Investree Sebut Ada 5 Perusahaan Besar Sebagai Peminjam Alami Gagal Bayar



KONTAN.CO.ID - JAKARTA. Masalah kredit macet menyelimuti industri peer-to-peer (P2P) lending. Salah satunya juga tengah menghantui PT Investree Radhika Jaya. Para lender fintech lending tersebut sempat mengeluh karena telatnya pembayaran hasil investasi.

Terkait hal itu, Co-Founder & CEO Investree Adrian Gunadi menyatakan telatnya pembayaran ternyata salah satunya disebabkan 5 perusahaan besar yang mengalami gagal bayar. 

Adrian mengungkapkan ada 5 borrower besar yang mengalami gagal bayar atau gagal pinjaman selama 90 hari berdasarkan pengaduan dari lender


Adapun terdiri dari perusahaan BUMN hingga multinasional. Mereka bergerak di sektor tekstil dan garmen, transportasi dan logistik, minyak dan gas, penyediaan komputer, dan sektor konstruksi.

Baca Juga: OJK: Kinerja Fintech Melambat Dipengaruhi Kondisi Ekonomi Indonesia

"Kalau dilihat, mereka adalah borrower yang memang sebenarnya sudah atau pernah didanai bersama Investree, bahkan ada yang dari 2014 dan performanya mereka bagus," ujarnya di kawasan Jakarta Selatan, Kamis (8/6).

Adrian menyebut perusahaan yang mengalami gagal bayar sejak Agustus 2022 memang tidak terlepas dari sisi pandemi Covid-19 sehingga membuat bisnis tersendat. Berdasarkan dari sisi rating, 5 perusahaan besar itu B dan C. Adapun nilai pinjamannya dari Rp 200 juta hingga hampir Rp 2 miliar. 

Adrian juga mengungkapkan rata-rata pendanaan tersebut lebih dari 50% didanai oleh para ritel lender. Dia menyebut Investree memang memiliki karakteristik pendanaan yang lebih besar dibandingkan fintech lainnya. 

"Sebab, fokus awal Investree adalah segmen usaha kecil dan menengah, kebanyakan dari mereka yang memiliki kontrak dengan beberapa perusahaan dengan kondisi makro dan faktor di lapangan bisa menyebabkan adanya risiko gagal bayar yang lebih besar," ungkapnya.

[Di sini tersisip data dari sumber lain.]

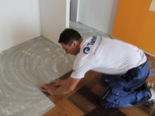 1. It is worth starting with the preparation of the surface. To do this, it is necessary to carefully remove all construction debris, eliminate unevenness and check the compliance of the floor with the level. All irregularities and level differences will need to be eliminated. It may even be necessary to pour a thin layer of mortar, which is perfectly suitable self-leveling compound. The concrete floor can be sanded down, and the wooden substrate can be scraped.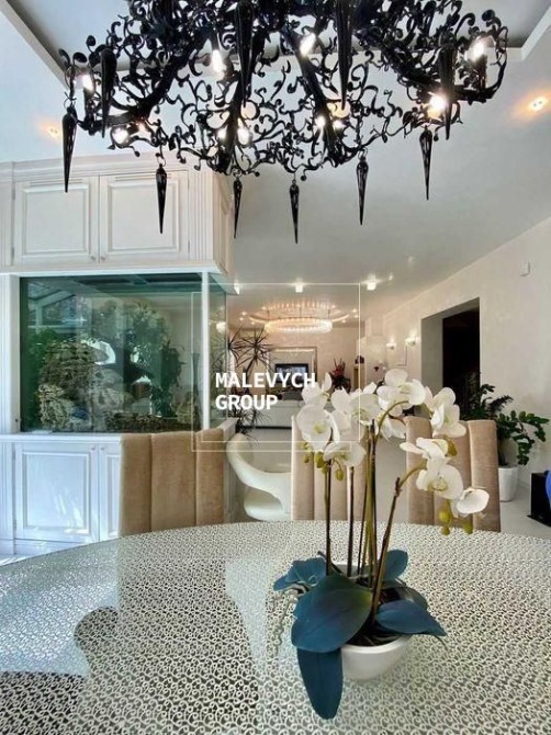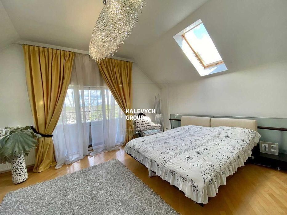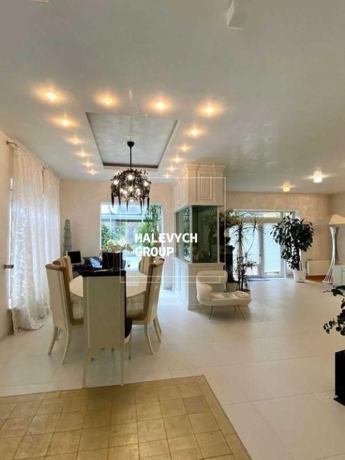 3 спальні, кабінет, вітальня з каміном, велика кухня поєднана окремою просторою їдальнею; спортивна зала, 3 ванні кімнати, ігрова кімната.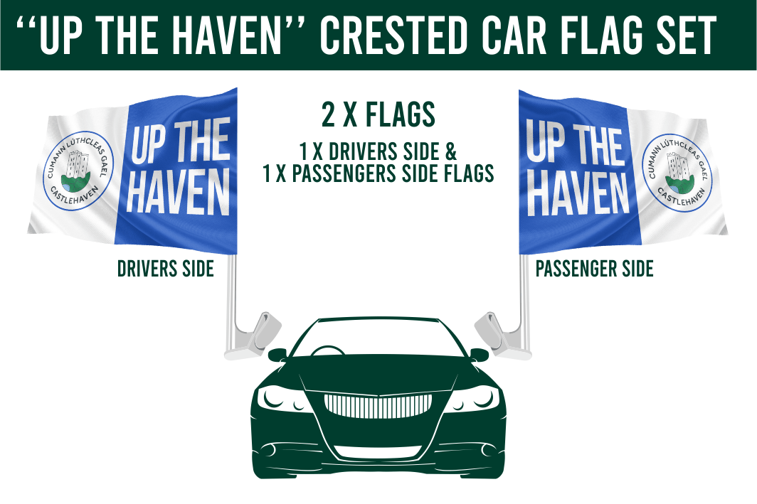 Castlehaven GAA Club ''UP THE HAVEN'' Crested Car Flag Set
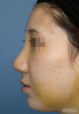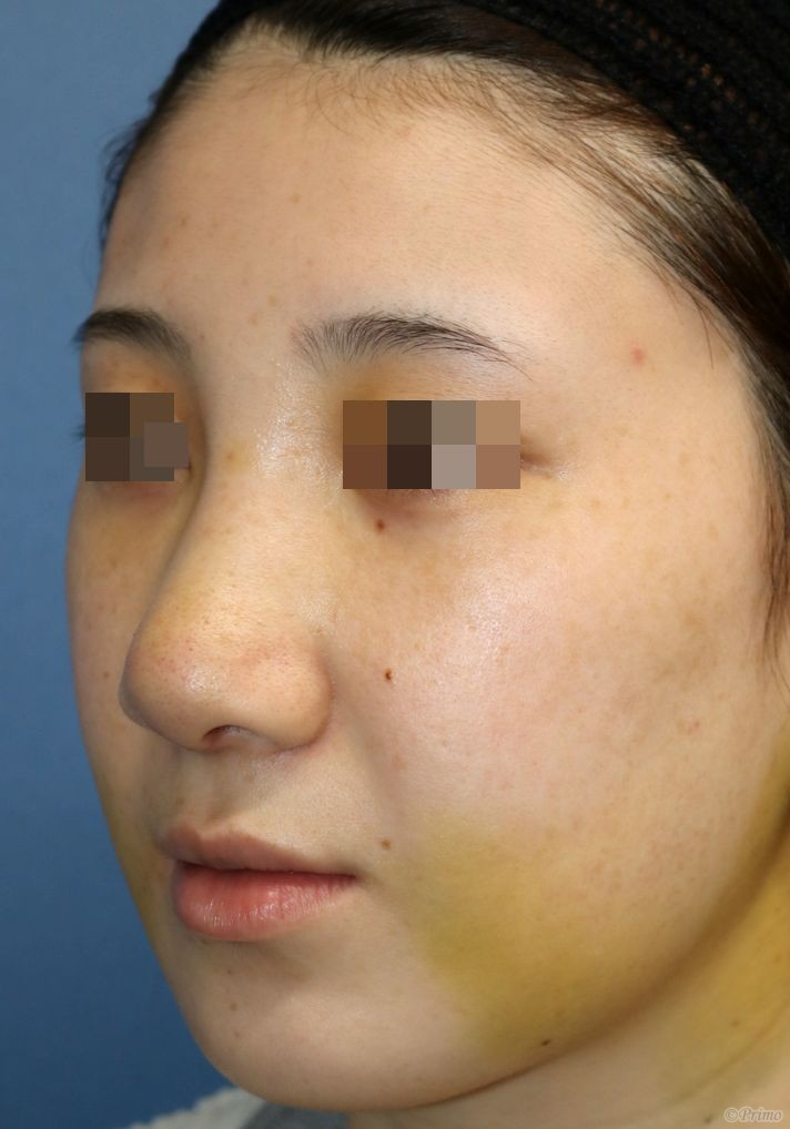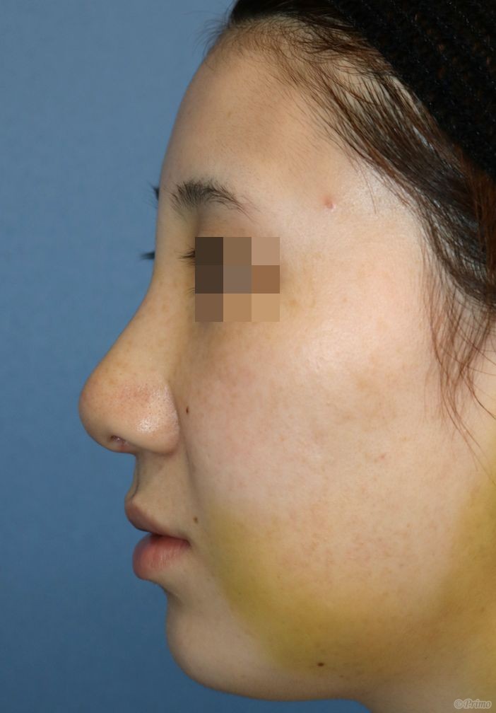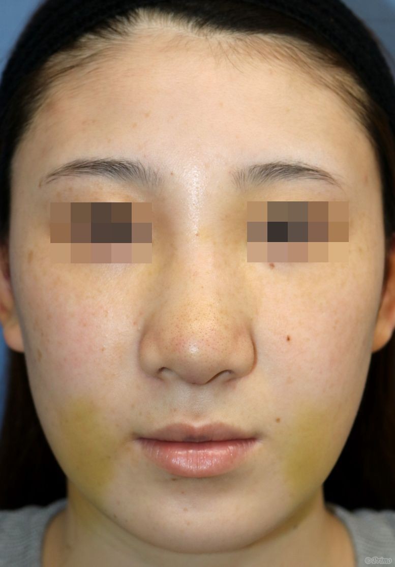 手術前の正面です。 術前は他院で入れたI型プロテーゼを別の院でL型プロテーゼに入れ替えを受けましたが、 L型プロテーゼが曲がって入ってしまいました。 鼻筋が曲がり、プロテーゼの輪郭がくっきりしすぎてしまいました。 当院で鼻中隔延長術+他院鼻プロテーゼ入れ替え術+眉間プロテーゼ手術を行いました。 鼻中隔延長術+他院鼻プロテーゼ入れ替え術+眉間プロテーゼ手術後1週間の経過写真です。 術後の腫れ、内出血がやや強くでています。 その影響でかなり大きな鼻に見えますが、術後経過とともにすっきりとしてきます。 手術前の斜めからです。 手術後1週間の斜めからです。 術後は鼻中隔延長術の効果で鼻先が下向きになりました。 手術前の横からです。 手術後1週間の横からです。 術前はやや鼻のスタートが高い位置すぎる印象で、 急に鼻が始まっていますが、 術後は緩やかなカーブを描き鼻背ラインにつながっています。 眉間プロテーゼの効果が出ていると思います。 これから腫れが引くとともにすっきりとした印象になっていきます。 ・費用(税別、麻酔代別) 鼻中隔延長術 ¥600,000 他院鼻プロテーゼ入れ替え術 ¥400,000 眉間プロテーゼ ¥300,000 他院修正術 ¥300,000 ・リスク・副作用(起こり得る可能性のあること) 腫れ、内出血、鼻出血、鼻づまり 鼻柱の傷跡 鼻先、耳介の知覚低下 鼻の傾き 鼻尖部の挙上ができない 鼻の形の左右差 プロテーゼの動揺 鼻中隔延長術 眉間プロテーゼ にほんブログ村 美容外科ブログランキングへ Tags:眉間プロテーゼ鼻プロテーゼ入れ替え術鼻中隔延長術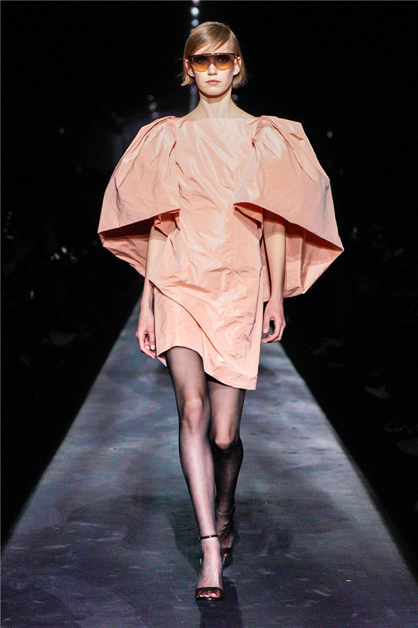 夸张立挺的肩部线条、东瀛风情的印花图案,再而结合着柔美的卷边装饰,呈现出女性所独具的诱惑力。假如你足够强大,那么你就可以直接将这些“诱惑”穿上身。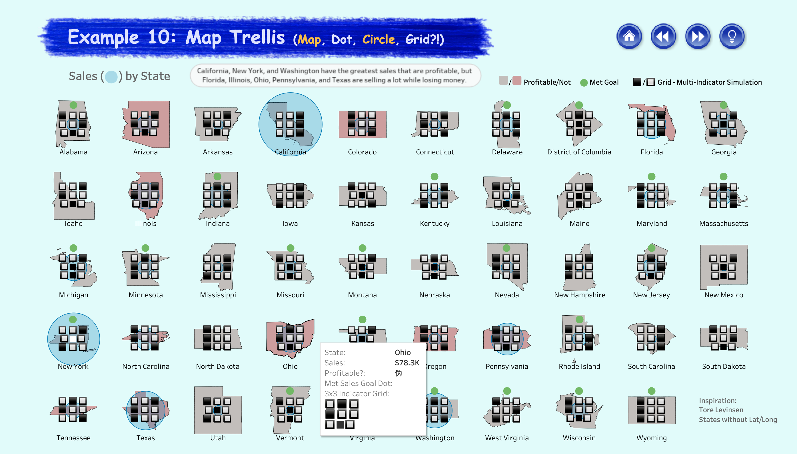 每个州的地图轮廓都嵌入了小型网格,网格用黑白和色块表示多种业务指标(如销售额、是否盈利、目标达成等),同时通过不同的方块、点或圆,模拟多指标联合分析;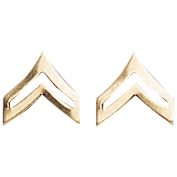 This robust metallic finish insignia features two incomplete triangles joined together by a straight line design on both sides. The Corporal Insignia is a set of two high quality pins. The Corporal Insignia is not sold by a single piece. It is a corporal style insignia. Each insignia contains a closure pin at the back for easy attaching and opening. Your shirt, coat, blazers, jackets, even your hats, belts and caps will look great with this Corporal Insignia pinned on them. These Corporal Insignias is available at affordable price.

Adrian menerangkan action plan yang akan dilakukan pihaknya, yakni akselerasi dari penyelesaian pembiayaan bermasalah tersebut. Dia mengatakan kalau dilihat dari sisi faktor risiko kredit yang di atas 90 hari, sudah harus dicatatkan sebagai pembiayaan yang bermasalah. 

"Jadi, kalau memang ada yang dibilang belum dibayar 200 hari atau 300 hari, faktanya perusahaan tersebut sudah mengalami gagal bayar. Apa yang dilakukan? Tentunya bisa dilakukan restrukturisasi apabila masih ada kemampuan dan kemauan dari borrower untuk melakukan restrukturisasi," kata Adrian.

Selain itu, Adrian menyebut upaya penyelesaian lainnya, yakni bisa melalui penjualan aset dari debitur karena salah satu yang dipegang Investree adalah jaminan personal. 

Dia mengatakan pihaknya juga bisa menempuh jalur hukum untuk mengakselerasi penyelesaian tersebut, tetapi mungkin tak langsung mengambil langkah itu karena rata-rata peminjam tersebut adalah PT, CV, atau badan hukum. 

Baca Juga: AFTECH Ingin Tingkat Literasi Keuangan Akibat Pinjaman Macet

"Tentunya kami harus taat pada aturan perundangan-undangan yang berlaku, seperti aturan POJK Nomor 10 yang berkaitan dengan aspek pembiayaan bermasalah, seperti hak tagih," ungkapnya.

Adrian juga menjelaskan pihaknya akan terus berkomunikasi intensif kepada para lender terkait dengan kondisi dan upaya penyelesaian kredit macet. Dia pun tak memungkiri penyelesaian pembiayaan bermasalah tersebut membutuhkan waktu yang tak cepat.